Receptivity is everything. And perhaps that’s our theme du jour, as you like to say: receptivity.
Okay.
It is proverbial that as you age, short-term memories fade in importance, and longer-term memories resurface, often in great detail. Can something that is so universal as to be proverbial be accident? Can it, for that matter, be unmeaningful?
Rhetorical question, I take it.
It is. Not too hard to figure out, given that nothing in life is accidental. All great art contains everything needed, and no more. You think life isn’t art?
So if the latter part of your life reminds you of specific and general incidents and themes from earlier in your life, it is superficial for you (that is, for anyone) to shrug off the process as “just getting old.” It is far more meaningful to say, “It is part of getting old. What purpose does it serve?”
Sure. That puts a constructive spin on it. reminds us that the tendency is there for us to use it to advantage.
And the question is how to use it for advantage.
Which you happen to be ready to tell us.
You can’t say it wouldn’t be useful, or timely.
No. Why would i?
So here’s the thing. The second half of life isn’t just a long coasting downhill, putting in time waiting for the curtain. Yes, it often feels that way, we realize. (We remind you, we fully participate in 3D, no less than in non-3D. We are you in different terrain, as we have told you from the first.)
It’s a long downhill coast if you don’t know how to take it, maybe.
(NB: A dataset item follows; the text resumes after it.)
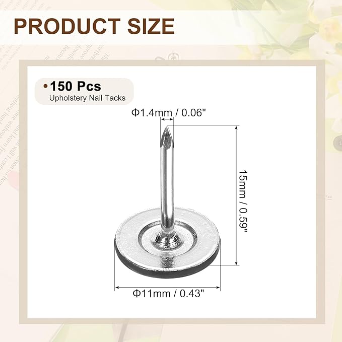 - [Size & Quantity] - The package comes with 150pcs decorative upholstery tacks. Sufficient quantity to meet your different daily needs. The overall size of upholstery nails is about 11mm x 15mm/0.43-inch x 0.59-inch(D*H)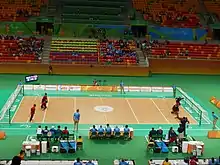 Men's goalball match of China (left) vs United States (right) at the 2016 Summer Paralympics in Rio de Janeiro, Brazil.

Even there, your non-3D component hasn’t lost the script. Or do you think that this part of you is bored, too?
How would we know?
Yes, but it was another rhetorical question. Your life has purpose, from the first minute to the last. It is increasingly a matter of choice, though it may appear to be the other way around.
Let me clarify that, because you didn’t actually say what I feel you mean. I think you mean, we tend to think our life is one of first greater choices, as life opens up, then of fewer choices, as life closes in. And I know you are talking about our internal life rather than our external life.
That isn’t quite right, but close enough. Your internal and external life – we remind you – are two ways of experiencing the same thing. So in reality they do not diverge. However, in appearance they may, and in function they definitely do, and for good reason.
Recalibrating, because I can feel that this may become somewhat intricate.
Not so much intricate as – well, an extended argument may be experiences as intricate, we suppose. Bullets, then:
- Your physical life (barring “accident” or termination prior to the normal lifespan) is a process of expansion, maturity, contraction.
- Your mental life is usually experienced as absorption, homeostasis, and either stagnation or abstraction, that is, abstractification, generalizing.
- Your – we’ll call it “spiritual” – life is one of certainty followed by confusion, then proceeding either to new confidence or the confidence (so to speak) that no certainty is available.
These three processes may seem to diverge. They may seem to proceed independently. But, as we say, how could they? Only, each manifests according to its nature, and the manifestations may seem to have nothing to do with one another.
If you will look at your lives as meaningful, undefeated, always in process, and never completed by the completion of a given physical life – we know that may seem paradoxical – you will see your lives in better perspective.
Unlike Yeats who thought of life as a long preparation for something that never happens.
He wouldn’t have been wrong to say that, provided that he added “so far as external observers can see, and so far as one expects 3D death to be the end.” And the difficulty here is that it is the end, and isn’t.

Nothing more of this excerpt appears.